About this exercise:
Below are some records. Quote exactly the lines from the one that contains "GT-Garageでは数多く" through the last, both included, and leave out the pictures.

[Data items]
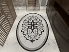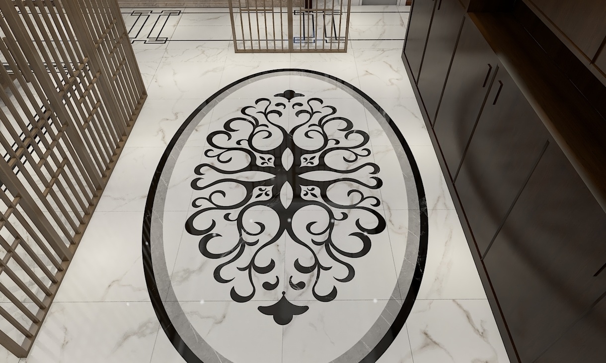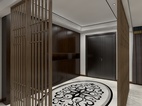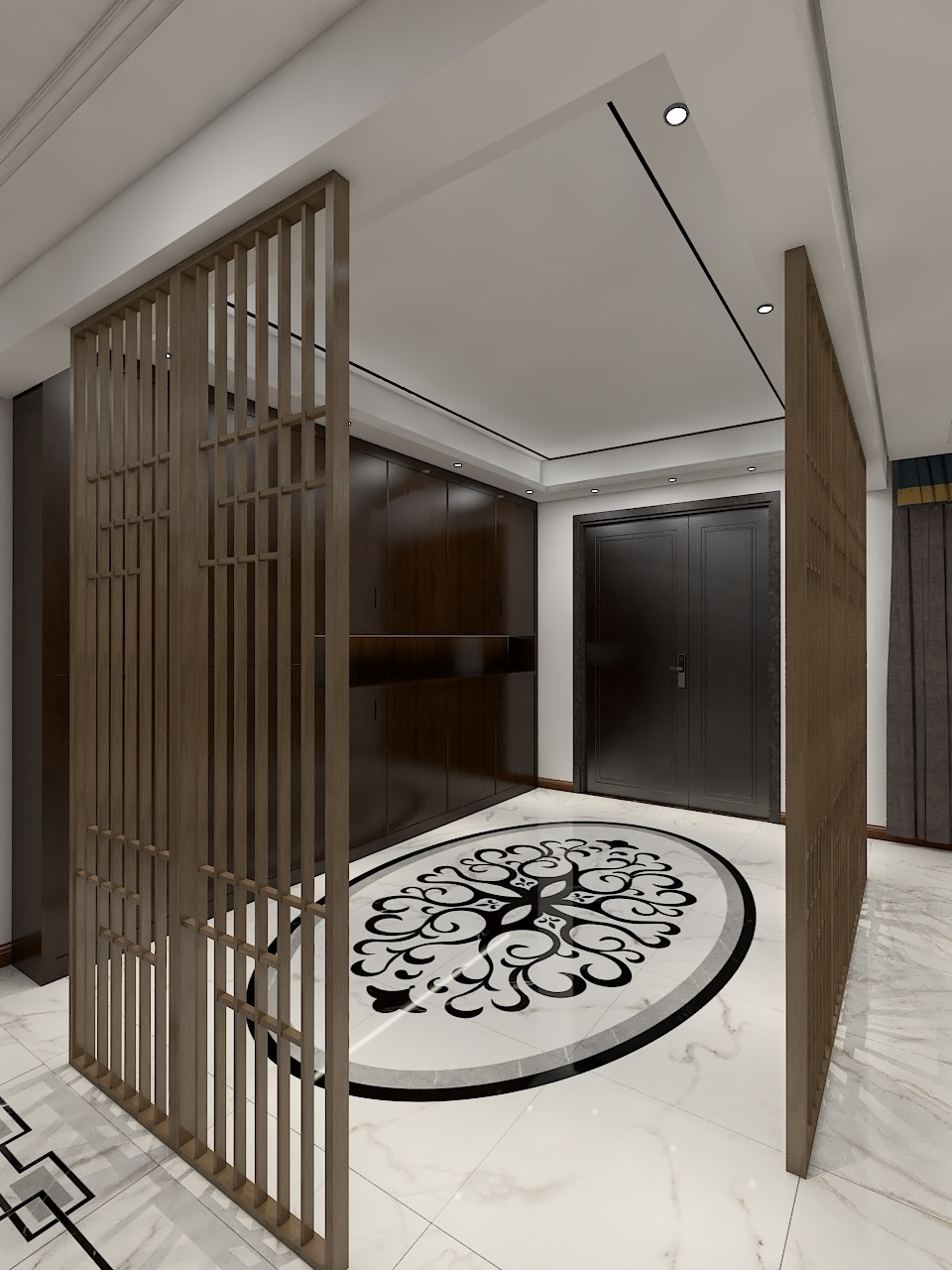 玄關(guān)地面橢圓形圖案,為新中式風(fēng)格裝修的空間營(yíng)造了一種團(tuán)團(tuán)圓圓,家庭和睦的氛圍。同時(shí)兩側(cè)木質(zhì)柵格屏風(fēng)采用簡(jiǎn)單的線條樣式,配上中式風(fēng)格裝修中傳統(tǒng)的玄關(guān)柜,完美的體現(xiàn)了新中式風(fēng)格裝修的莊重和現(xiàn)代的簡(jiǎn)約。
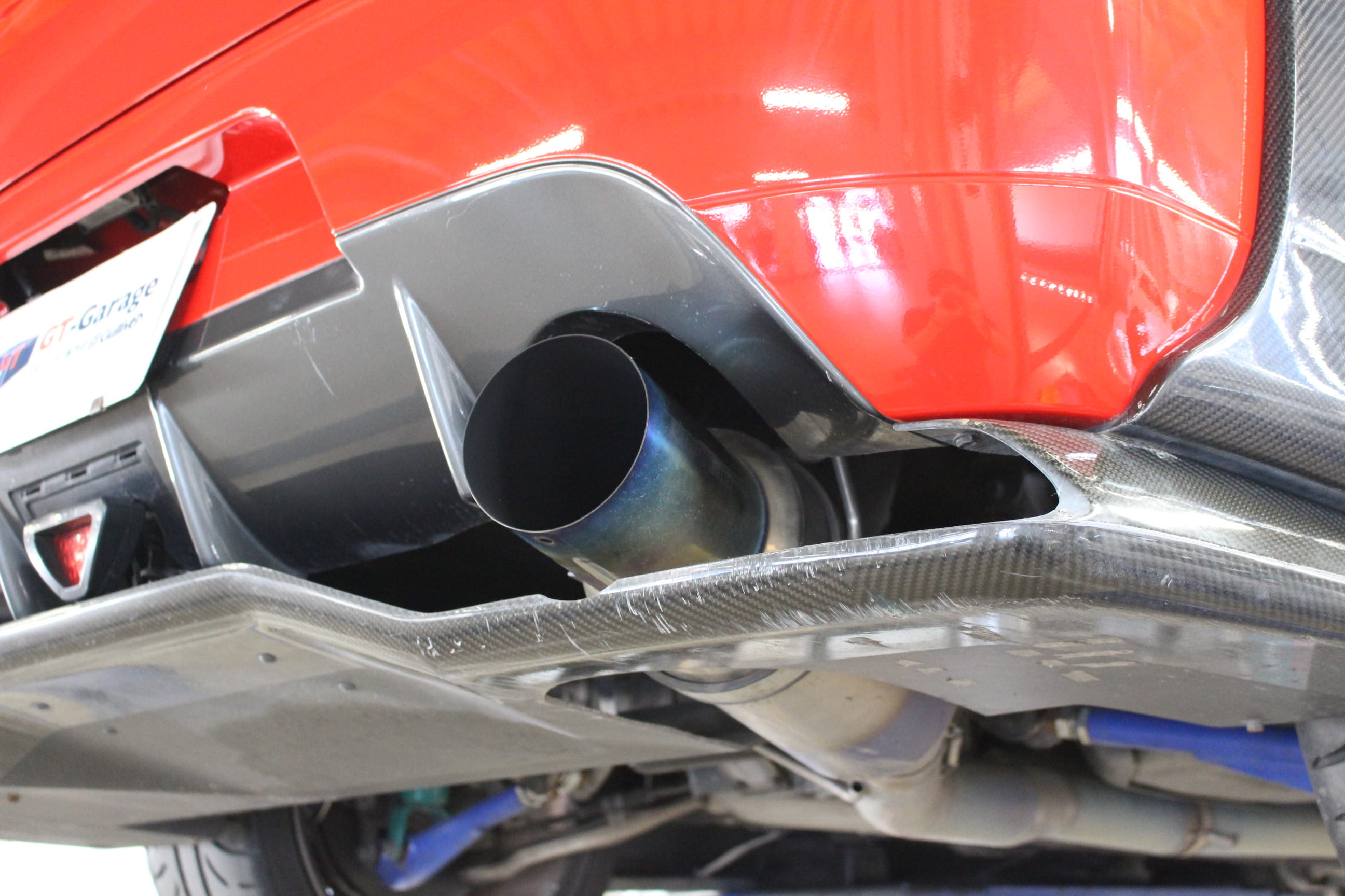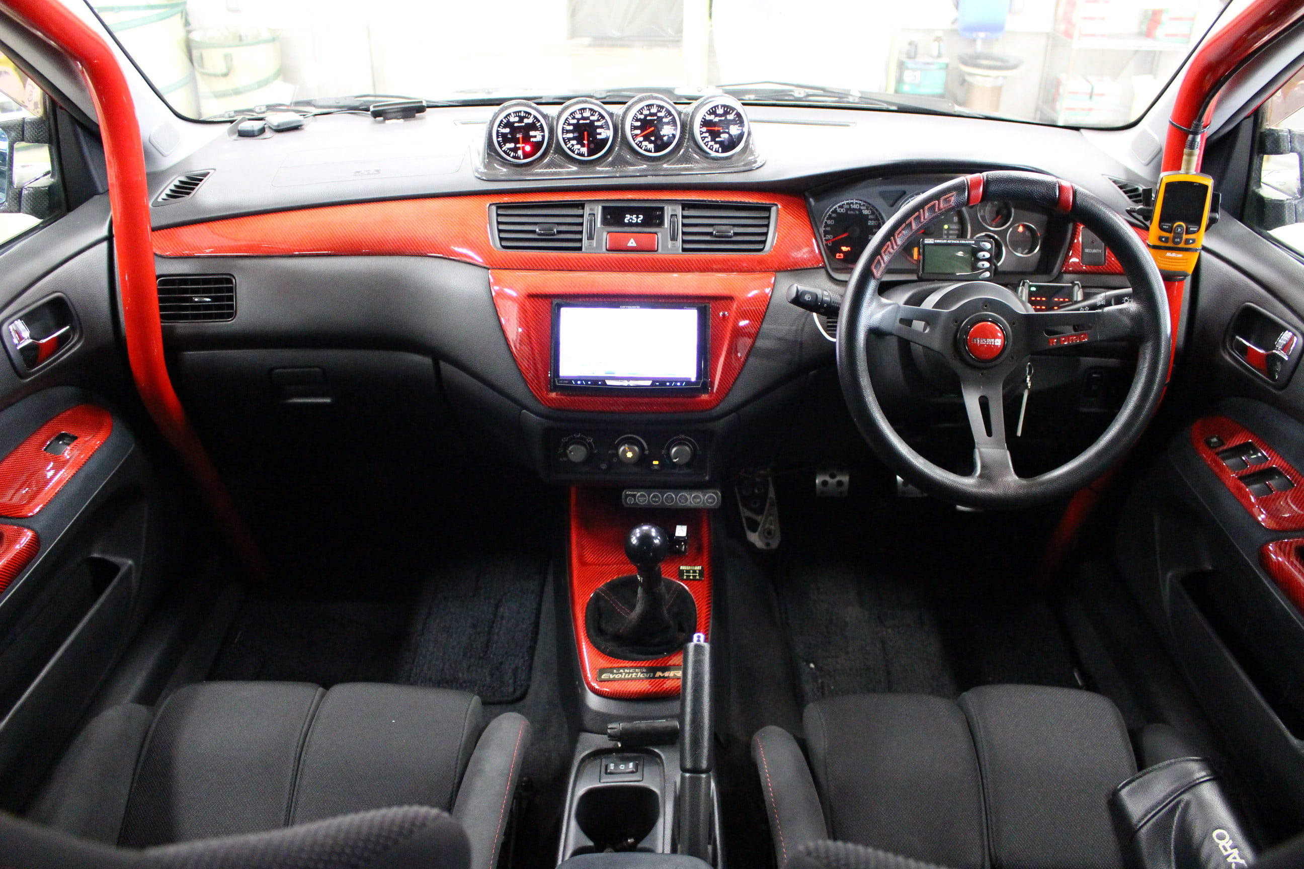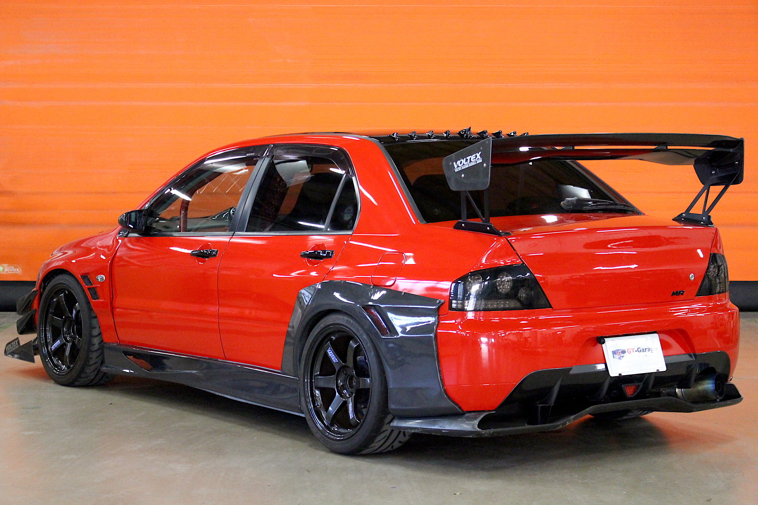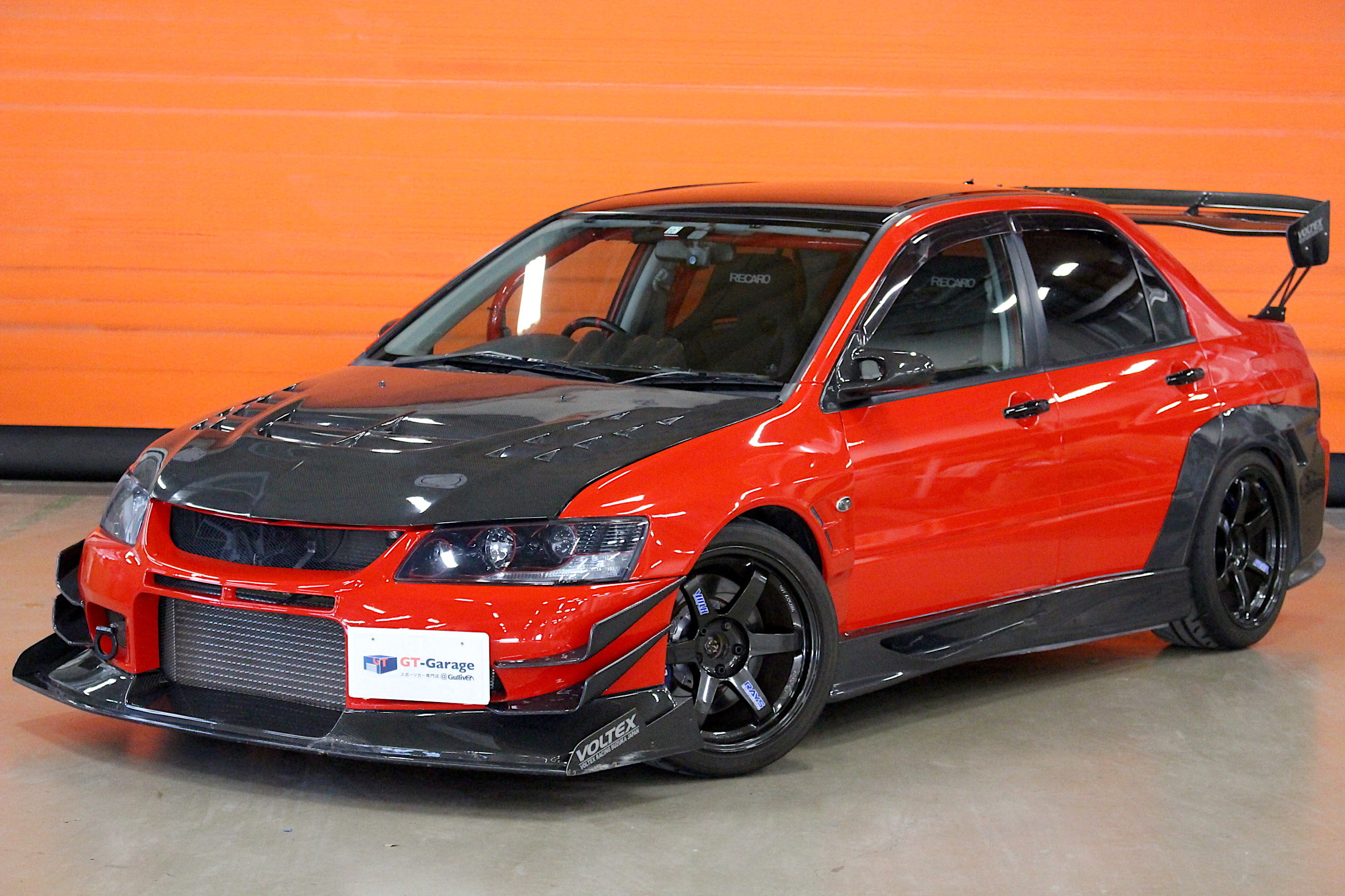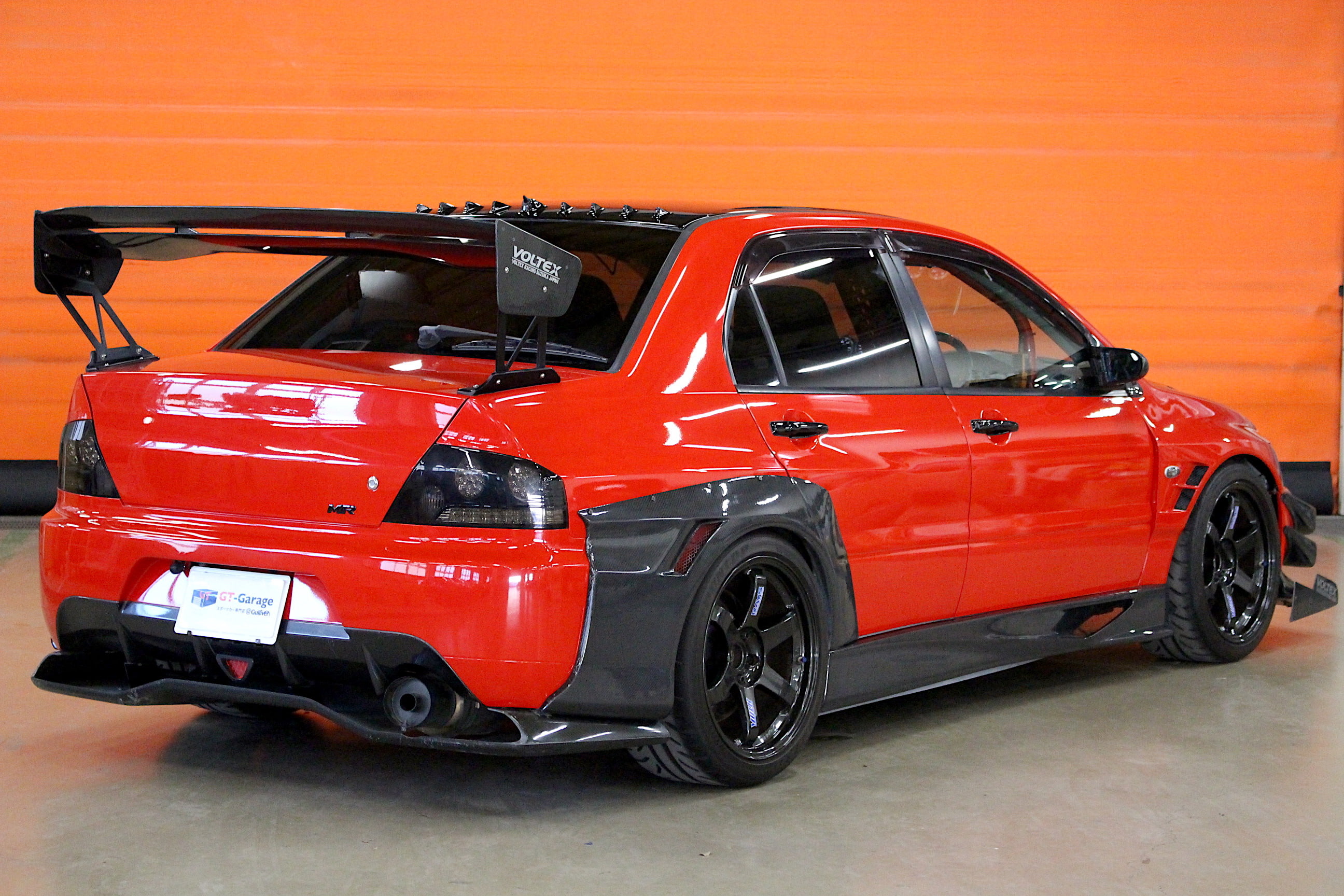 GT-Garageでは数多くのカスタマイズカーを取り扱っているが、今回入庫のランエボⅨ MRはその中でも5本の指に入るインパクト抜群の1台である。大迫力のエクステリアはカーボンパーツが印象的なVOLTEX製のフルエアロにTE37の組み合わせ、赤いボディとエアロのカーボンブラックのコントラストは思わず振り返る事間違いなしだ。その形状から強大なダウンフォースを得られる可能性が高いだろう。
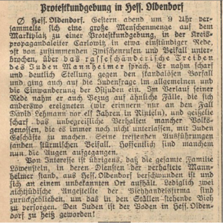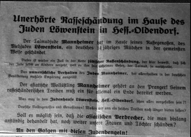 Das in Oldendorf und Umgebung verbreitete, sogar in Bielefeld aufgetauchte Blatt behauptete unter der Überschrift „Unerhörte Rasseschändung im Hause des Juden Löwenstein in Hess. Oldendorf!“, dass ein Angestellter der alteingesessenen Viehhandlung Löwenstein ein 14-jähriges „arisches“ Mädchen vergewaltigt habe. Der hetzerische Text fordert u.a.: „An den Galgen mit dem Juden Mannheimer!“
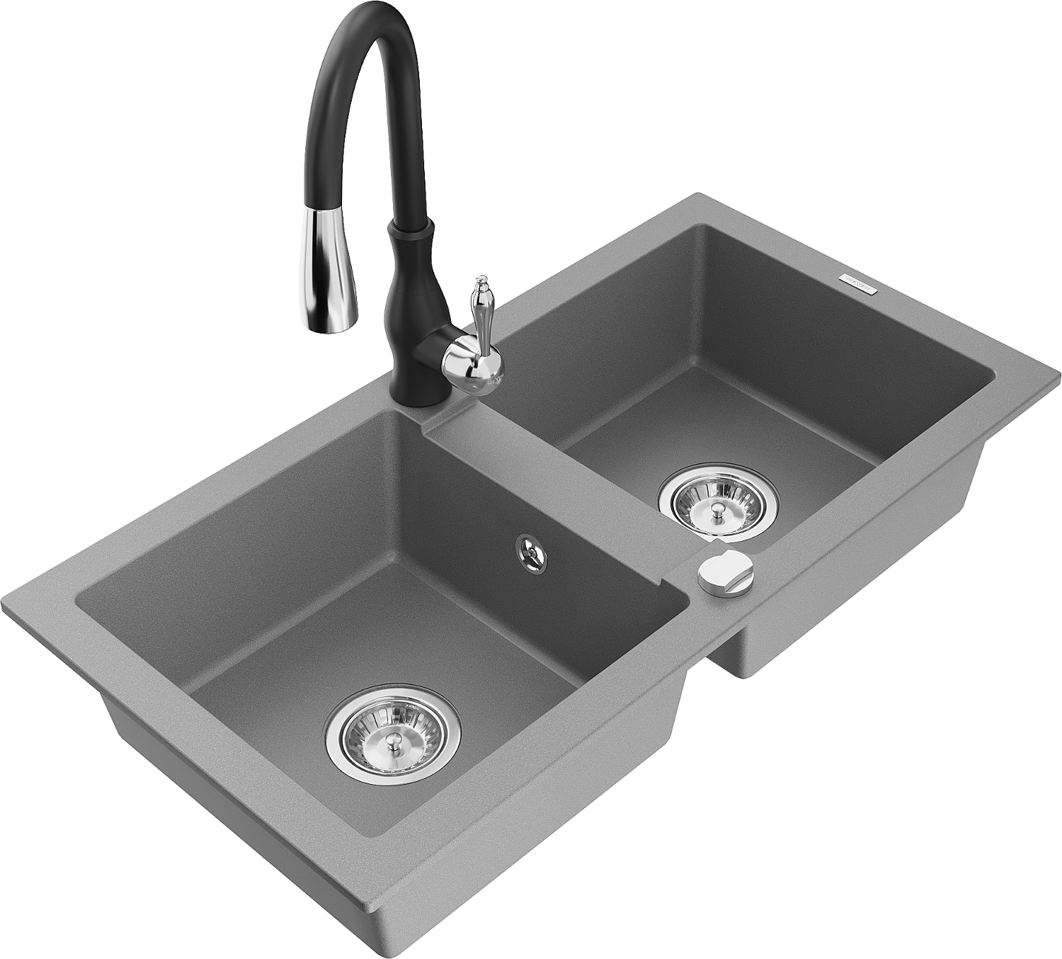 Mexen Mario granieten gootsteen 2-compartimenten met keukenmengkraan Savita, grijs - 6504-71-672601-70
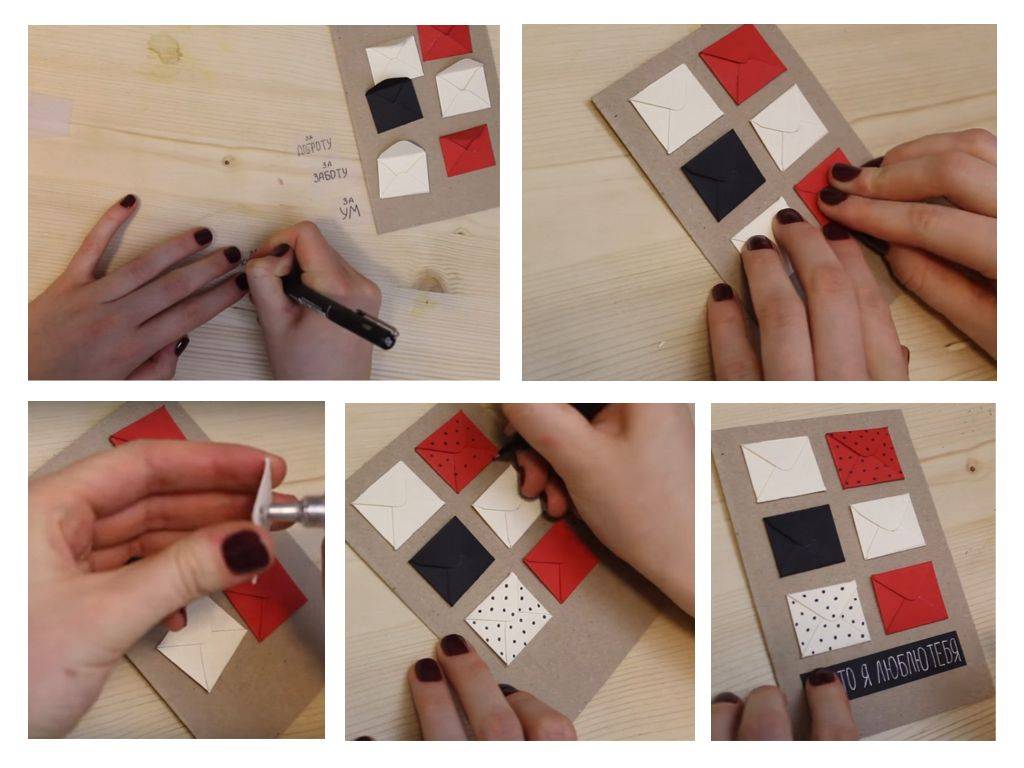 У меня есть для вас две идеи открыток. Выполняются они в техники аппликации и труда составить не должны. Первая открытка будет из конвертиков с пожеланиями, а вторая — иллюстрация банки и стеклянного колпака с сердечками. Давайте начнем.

Written solution:
 GT-Garageでは数多くのカスタマイズカーを取り扱っているが、今回入庫のランエボⅨ MRはその中でも5本の指に入るインパクト抜群の1台である。大迫力のエクステリアはカーボンパーツが印象的なVOLTEX製のフルエアロにTE37の組み合わせ、赤いボディとエアロのカーボンブラックのコントラストは思わず振り返る事間違いなしだ。その形状から強大なダウンフォースを得られる可能性が高いだろう。
 Das in Oldendorf und Umgebung verbreitete, sogar in Bielefeld aufgetauchte Blatt behauptete unter der Überschrift „Unerhörte Rasseschändung im Hause des Juden Löwenstein in Hess. Oldendorf!“, dass ein Angestellter der alteingesessenen Viehhandlung Löwenstein ein 14-jähriges „arisches“ Mädchen vergewaltigt habe. Der hetzerische Text fordert u.a.: „An den Galgen mit dem Juden Mannheimer!“
 Mexen Mario granieten gootsteen 2-compartimenten met keukenmengkraan Savita, grijs - 6504-71-672601-70
 У меня есть для вас две идеи открыток. Выполняются они в техники аппликации и труда составить не должны. Первая открытка будет из конвертиков с пожеланиями, а вторая — иллюстрация банки и стеклянного колпака с сердечками. Давайте начнем.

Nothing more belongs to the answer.